The vet's office said she was in late stage renal disease and asked if we couldn't take her in for the 2-3 months she had left as a hospice situation.

That was in January 2012, at the age of 19.

Cali passed away peacefully last night at the age of 22 years and 5 months.

There was no one that met the 4 lb spitfire calico that didn't come away amazed and in love. She will be missed.


----------



## Jenny bf (Jul 13, 2013)

Oh Jeff I am sorry. That's quite a life to reach such a grand old age and considering her condition to live another 3 years is quite something. Now she gets to see her human mom again. Run free Cali, you touched many people lives


----------



## marie73 (Jul 12, 2006)

Wow, I can only hope my girls will be with me that long.

She was stunning, love the ruff and LOVE those furry little feet!


----------



## eldercat (Jul 3, 2015)

Sympathy on your loss. Empty cat-shape spaces are not nice.

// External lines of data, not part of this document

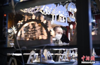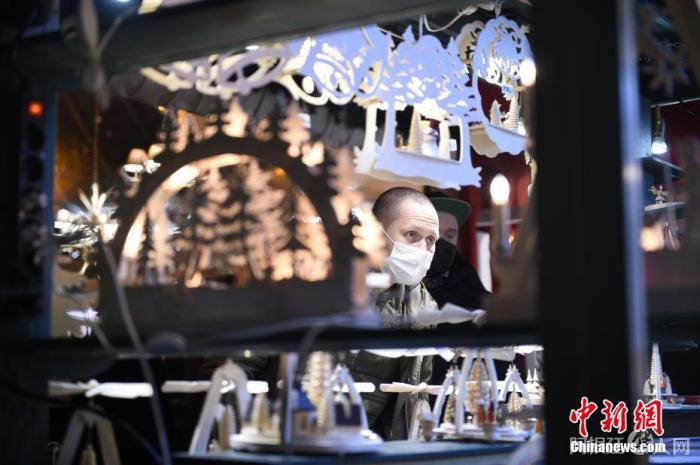 资料图:一名戴口罩的男子在德国柏林宪兵广场圣诞市场上。在2020年因新冠疫情被迫取消后,柏林一年一度的圣诞市场再度重开。进入市场的人需要提供完全接种疫苗或曾经感染过新冠后痊愈的证明,并佩戴口罩。 中新社发 孔芳 摄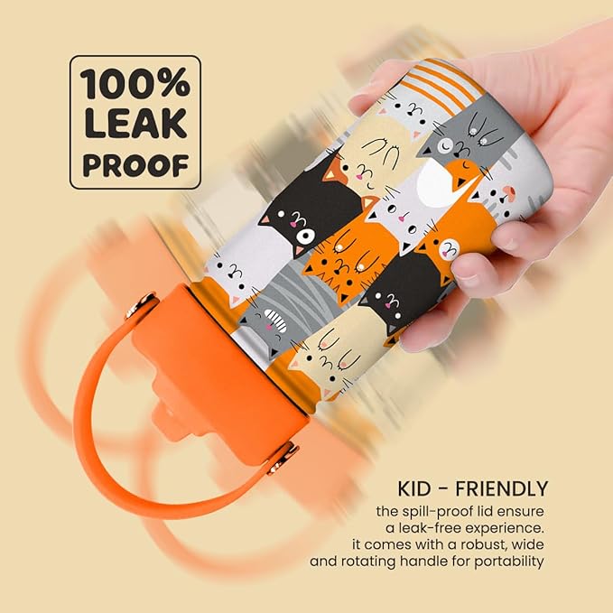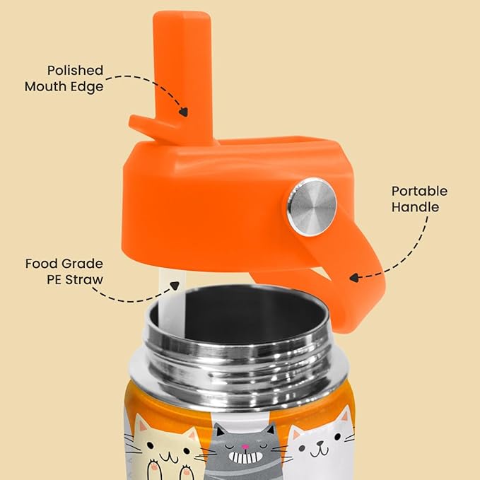 Cat Water Bottle - Kids Water Bottle with Straw Lid - 12 Oz Insulated Stainless Steel Water Bottles for Toddlers Kid Boys Girl - Travel Cup for School Sports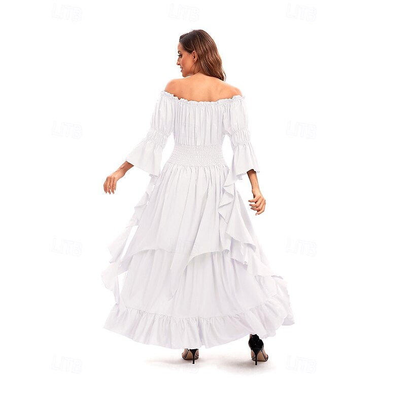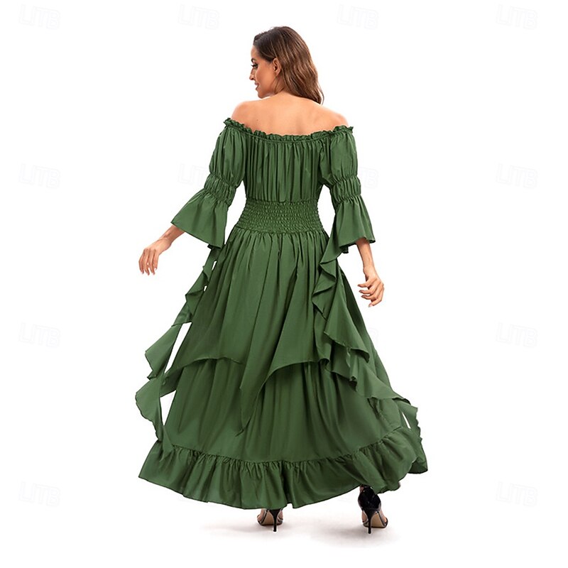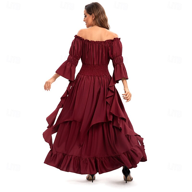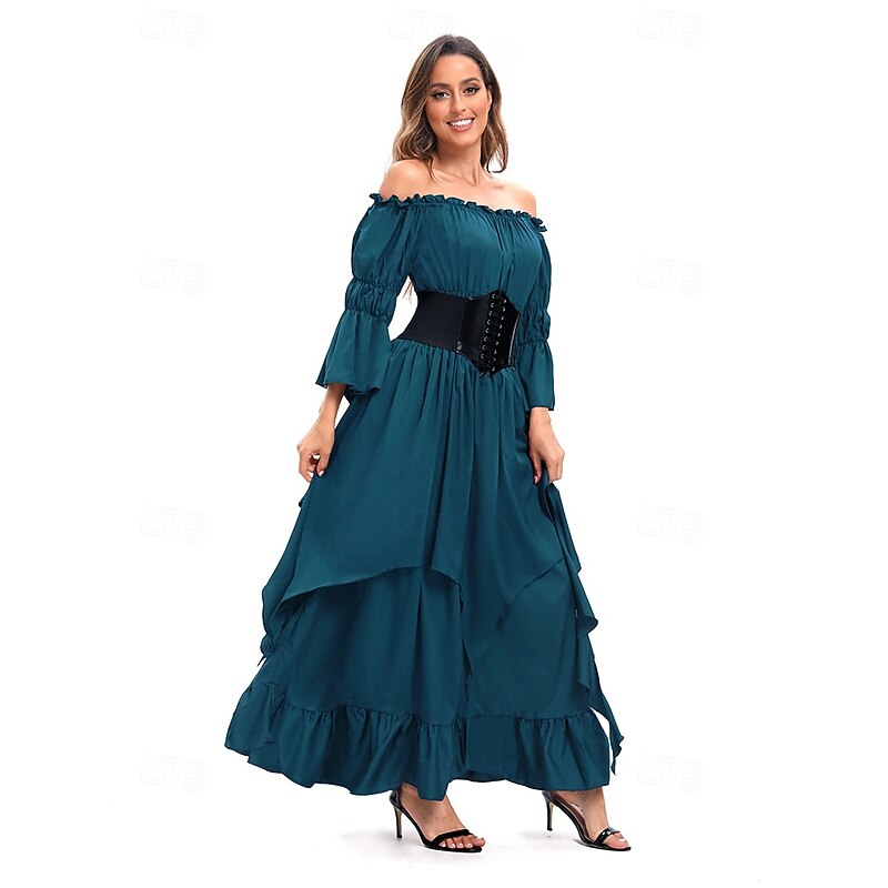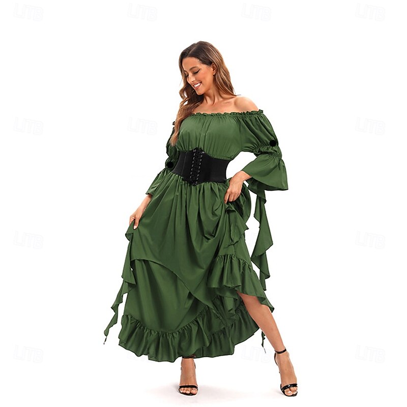 Retro Vintage Medieval Dress Bell Sleeve Puff Sleeve Viking Elven Fancy Dress Women's Celtic Pirate Fantasy Halloween Carnival Masquerade Casual Daily LARP Adults' Dress Belt All Seasons 36

Was the vet wrong about renal failure? It's amazing she lived all those years if the vet was right, that's quite a remarkable achievment, proof of excellent care.  Wonderful of you to give her a home after her forever-home died out.


----------



## bluemilk (Oct 3, 2005)

Hey, Jeff. It was so cool of you to open your home and heart to Cali. Lovely lady.


----------



## jking (Feb 22, 2014)

I'm sorry Jeff 

It's wonderful that she lived such a long life. Like eldercat said, that is proof of excellent care.


----------



## Lollyfist (Nov 8, 2015)

So sorry for your loss but what a long life obviously lived in love.


----------



## spirite (Jul 31, 2012)

Oh, I'm so sorry about Cali. What a cutie she was!


----------



## TabbCatt (Mar 26, 2014)

I'm sorry you are missing her, losses like these can sure take a toll on our heart.  
To hear she lived 3 years longer than expected despite her diagnosis and losing her original owners and home--wow, she must've been a real fighter at heart. It's amazing to see how animals can overcome things despite what life throws at them. Cali was super lucky to have found her final years with you.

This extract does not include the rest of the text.